### Records for the task ###
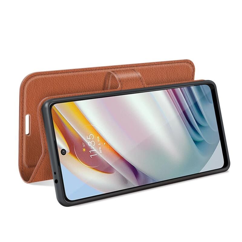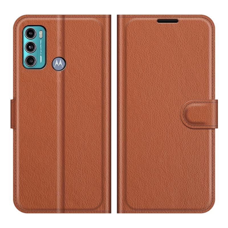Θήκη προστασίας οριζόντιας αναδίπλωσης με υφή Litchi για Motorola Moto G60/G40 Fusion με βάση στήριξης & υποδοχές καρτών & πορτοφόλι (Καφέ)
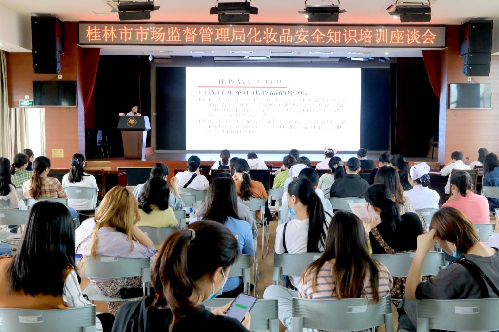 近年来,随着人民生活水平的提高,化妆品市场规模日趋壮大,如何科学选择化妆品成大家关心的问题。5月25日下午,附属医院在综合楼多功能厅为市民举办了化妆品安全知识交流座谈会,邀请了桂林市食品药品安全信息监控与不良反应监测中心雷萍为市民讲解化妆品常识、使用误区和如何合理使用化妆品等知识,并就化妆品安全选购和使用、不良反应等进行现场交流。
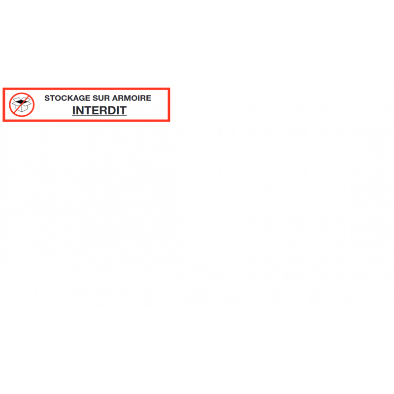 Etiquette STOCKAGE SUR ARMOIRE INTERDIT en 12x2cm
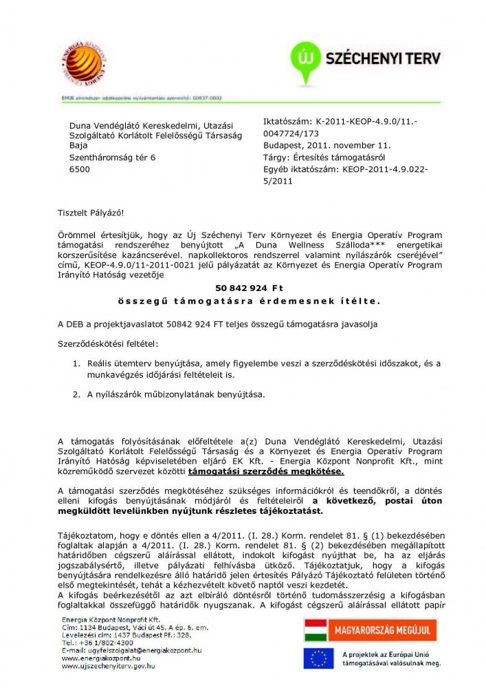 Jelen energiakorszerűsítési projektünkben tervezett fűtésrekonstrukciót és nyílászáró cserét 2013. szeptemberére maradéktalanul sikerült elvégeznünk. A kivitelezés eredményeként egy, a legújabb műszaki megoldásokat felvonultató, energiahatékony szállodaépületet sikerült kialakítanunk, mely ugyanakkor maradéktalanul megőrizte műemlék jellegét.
###
### Records for the task ###
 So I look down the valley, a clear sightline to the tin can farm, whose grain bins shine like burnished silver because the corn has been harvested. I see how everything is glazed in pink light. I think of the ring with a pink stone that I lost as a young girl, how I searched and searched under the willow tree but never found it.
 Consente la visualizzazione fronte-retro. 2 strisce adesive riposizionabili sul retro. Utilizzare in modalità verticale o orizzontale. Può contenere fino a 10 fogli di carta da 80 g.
###
### Records for the task ###
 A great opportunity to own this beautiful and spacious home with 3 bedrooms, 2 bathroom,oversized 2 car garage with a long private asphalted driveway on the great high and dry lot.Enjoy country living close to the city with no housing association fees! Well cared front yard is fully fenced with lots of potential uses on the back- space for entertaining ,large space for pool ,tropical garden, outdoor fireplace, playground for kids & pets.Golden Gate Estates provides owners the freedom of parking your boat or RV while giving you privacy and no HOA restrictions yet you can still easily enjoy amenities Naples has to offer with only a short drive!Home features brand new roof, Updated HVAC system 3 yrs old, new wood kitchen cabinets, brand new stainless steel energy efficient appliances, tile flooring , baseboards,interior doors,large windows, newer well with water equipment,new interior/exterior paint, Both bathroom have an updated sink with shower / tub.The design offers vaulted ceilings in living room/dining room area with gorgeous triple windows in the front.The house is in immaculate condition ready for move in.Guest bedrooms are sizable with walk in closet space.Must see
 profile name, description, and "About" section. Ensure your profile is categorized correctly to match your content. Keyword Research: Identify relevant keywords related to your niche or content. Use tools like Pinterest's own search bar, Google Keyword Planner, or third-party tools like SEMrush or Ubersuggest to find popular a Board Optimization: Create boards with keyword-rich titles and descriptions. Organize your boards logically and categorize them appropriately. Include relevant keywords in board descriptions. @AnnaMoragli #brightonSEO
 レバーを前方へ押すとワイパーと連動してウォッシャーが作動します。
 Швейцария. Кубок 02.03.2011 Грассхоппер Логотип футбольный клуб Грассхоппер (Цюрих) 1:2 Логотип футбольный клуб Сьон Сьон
###
- [Brief]: Give again the stretch of lines above from the one with "Θήκη προστασίας οριζόντιας" through the one with "Etiquette STOCKAGE SUR", both ends kept, and copy no pictures.

- [Answer section]:
Θήκη προστασίας οριζόντιας αναδίπλωσης με υφή Litchi για Motorola Moto G60/G40 Fusion με βάση στήριξης & υποδοχές καρτών & πορτοφόλι (Καφέ)
 近年来,随着人民生活水平的提高,化妆品市场规模日趋壮大,如何科学选择化妆品成大家关心的问题。5月25日下午,附属医院在综合楼多功能厅为市民举办了化妆品安全知识交流座谈会,邀请了桂林市食品药品安全信息监控与不良反应监测中心雷萍为市民讲解化妆品常识、使用误区和如何合理使用化妆品等知识,并就化妆品安全选购和使用、不良反应等进行现场交流。
 Etiquette STOCKAGE SUR ARMOIRE INTERDIT en 12x2cm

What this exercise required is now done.